**Records shown:**
*** Block opens ***
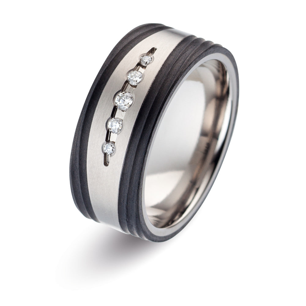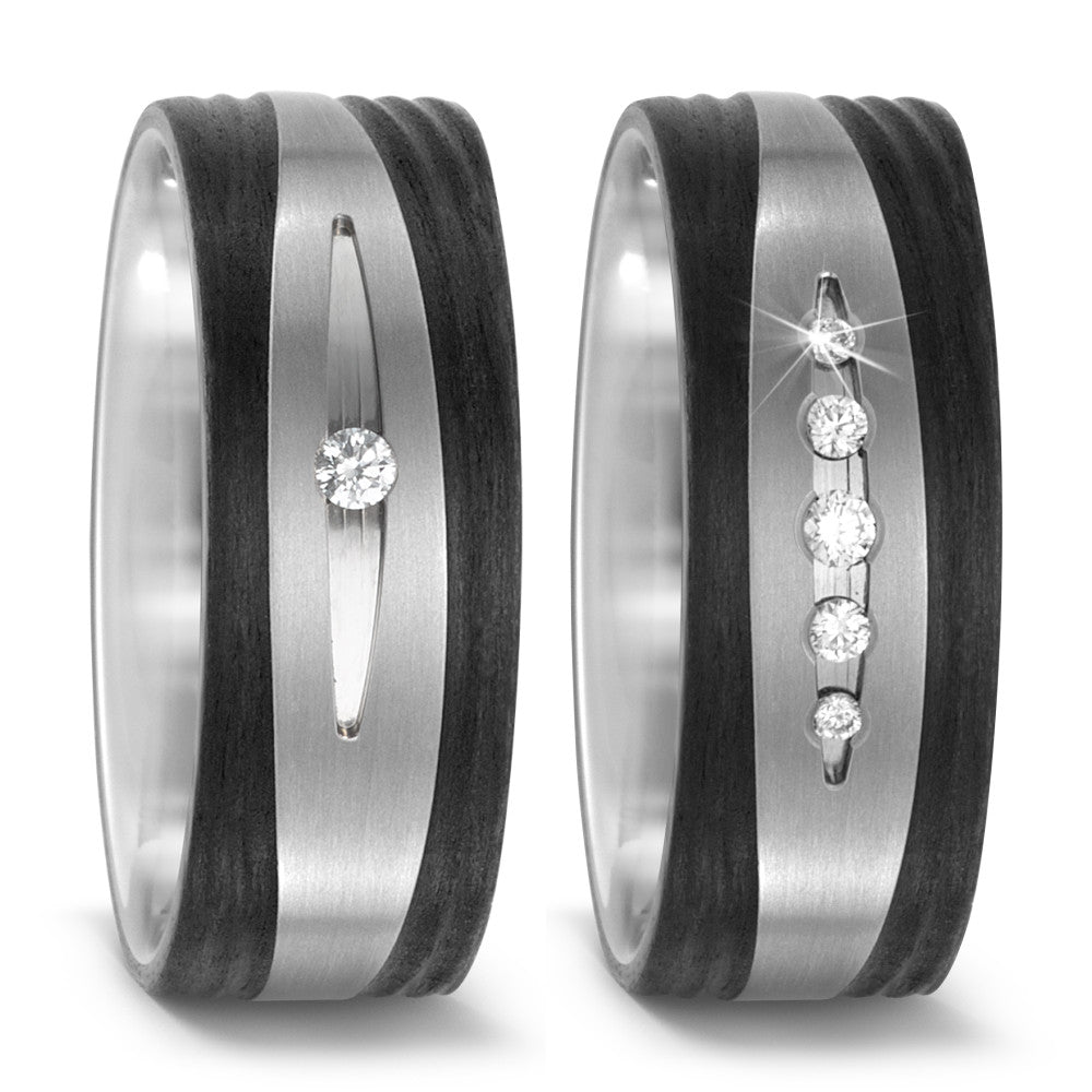 Partnerring Titanium, Carbon Diamant 0.09 ct, 5 Steen, w-si
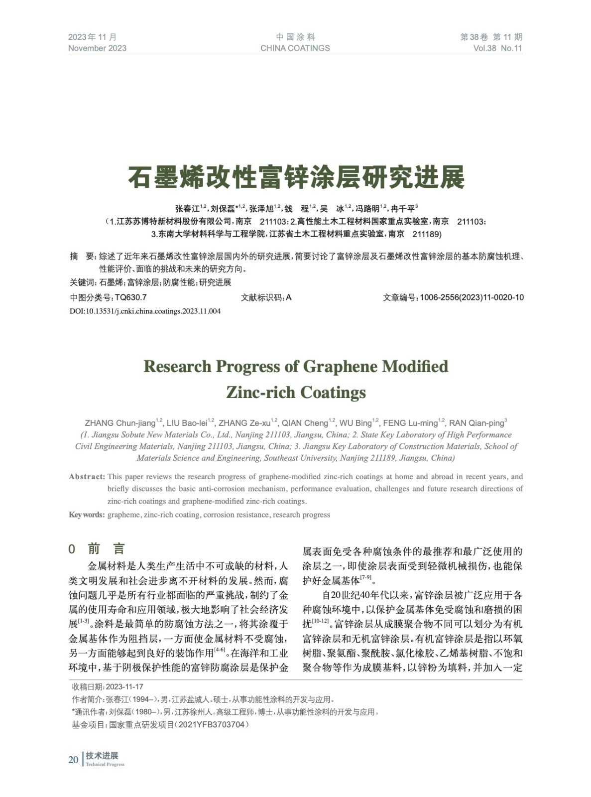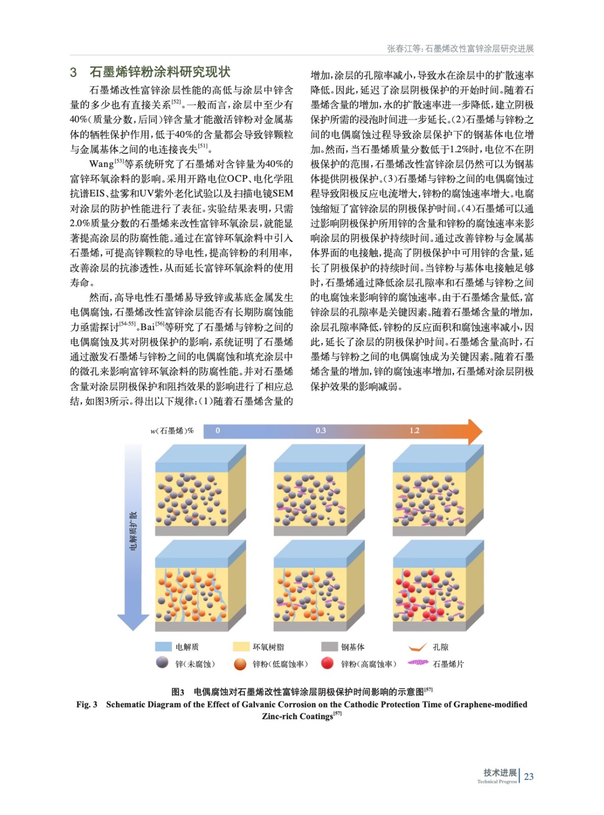 摘要:綜述了近年來(lái)石墨烯改性富鋅涂層國(guó)內(nèi)外的研究進(jìn)展,簡(jiǎn)要討論了富鋅涂層及石墨烯改性富鋅涂層的基本防腐蝕機(jī)理、性能評(píng)價(jià)、面臨的挑戰(zhàn)和未來(lái)的研究方向。
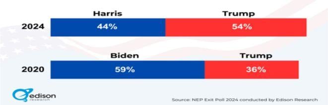 米国では少数派のカトリックは従来、民主党支持の傾向が強かったが、それに本格的な変化が生じたのが、今回の2024年の選挙でのトランプ勝利に貢献したカトリック票の動向である。全カトリック票の58%がトランプに集り、ハリスは40%弱に留まり、完全なる逆転現象が起きた。その理由はその多数派がカトリックのヒスパニックで、こちらも白人に対し少数派であることから従来民主党への支持が顕著だったのが、多くのヒスパニック票がトランプに投じられたからである。
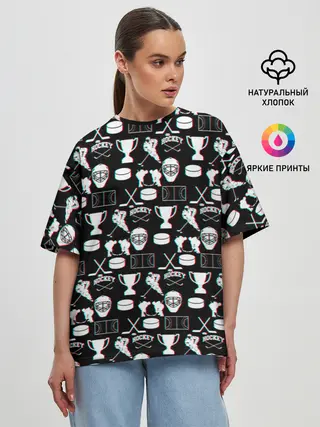 Женская футболка оверсайз / ХОККЕЙ GLITCH
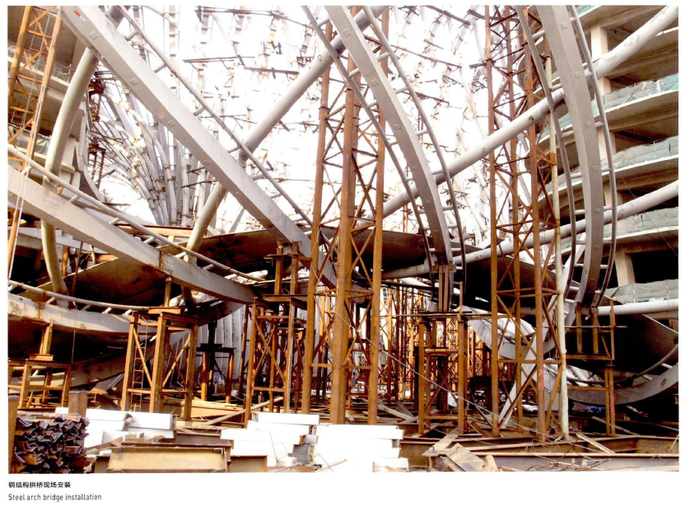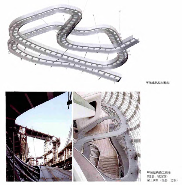 在爬升過程中,“夢之橋”先后與外殼鋼結構、主樓及裙房混凝土結構產生搭接關系,同時還要保證環坡的外型優美流暢。
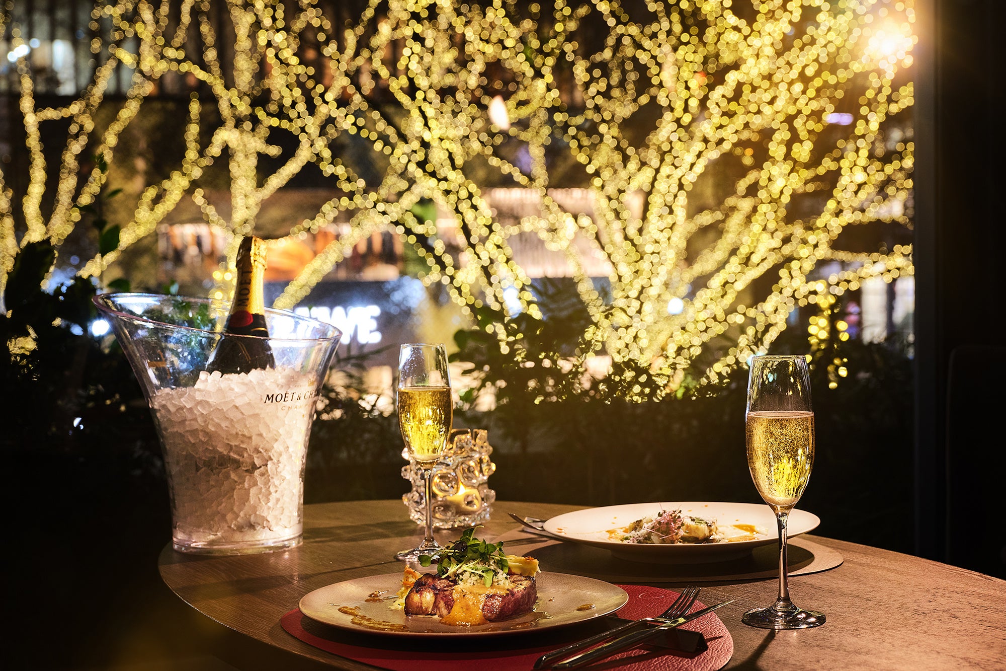 ザ ストリングス 表参道では、12月2日(月)の「表参道 フェンディ イルミネーション 2024」点灯に合わせた一夜限定のイベントをご用意いたしました。Cafe & Dining ZelkovAと、TAVERN by the greenの各店舗にて、この日販売をスタートするイルミネーションディナーコースをご予約いただいたお客様全員にシャンパン「モエ・エ・シャンドン」を1杯ずつプレゼントし、クリスマスムード高まるフェスティブシーズンをさらに盛り上げます。
*** Block closes ***
**Work task:** With pictures left out, transcribe each line from the one containing "摘要:綜述了近年來(lái)" through the end of the data, both ends included.

**Response below:**
 摘要:綜述了近年來(lái)石墨烯改性富鋅涂層國(guó)內(nèi)外的研究進(jìn)展,簡(jiǎn)要討論了富鋅涂層及石墨烯改性富鋅涂層的基本防腐蝕機(jī)理、性能評(píng)價(jià)、面臨的挑戰(zhàn)和未來(lái)的研究方向。
 米国では少数派のカトリックは従来、民主党支持の傾向が強かったが、それに本格的な変化が生じたのが、今回の2024年の選挙でのトランプ勝利に貢献したカトリック票の動向である。全カトリック票の58%がトランプに集り、ハリスは40%弱に留まり、完全なる逆転現象が起きた。その理由はその多数派がカトリックのヒスパニックで、こちらも白人に対し少数派であることから従来民主党への支持が顕著だったのが、多くのヒスパニック票がトランプに投じられたからである。
 Женская футболка оверсайз / ХОККЕЙ GLITCH
 在爬升過程中,“夢之橋”先后與外殼鋼結構、主樓及裙房混凝土結構產生搭接關系,同時還要保證環坡的外型優美流暢。
 ザ ストリングス 表参道では、12月2日(月)の「表参道 フェンディ イルミネーション 2024」点灯に合わせた一夜限定のイベントをご用意いたしました。Cafe & Dining ZelkovAと、TAVERN by the greenの各店舗にて、この日販売をスタートするイルミネーションディナーコースをご予約いただいたお客様全員にシャンパン「モエ・エ・シャンドン」を1杯ずつプレゼントし、クリスマスムード高まるフェスティブシーズンをさらに盛り上げます。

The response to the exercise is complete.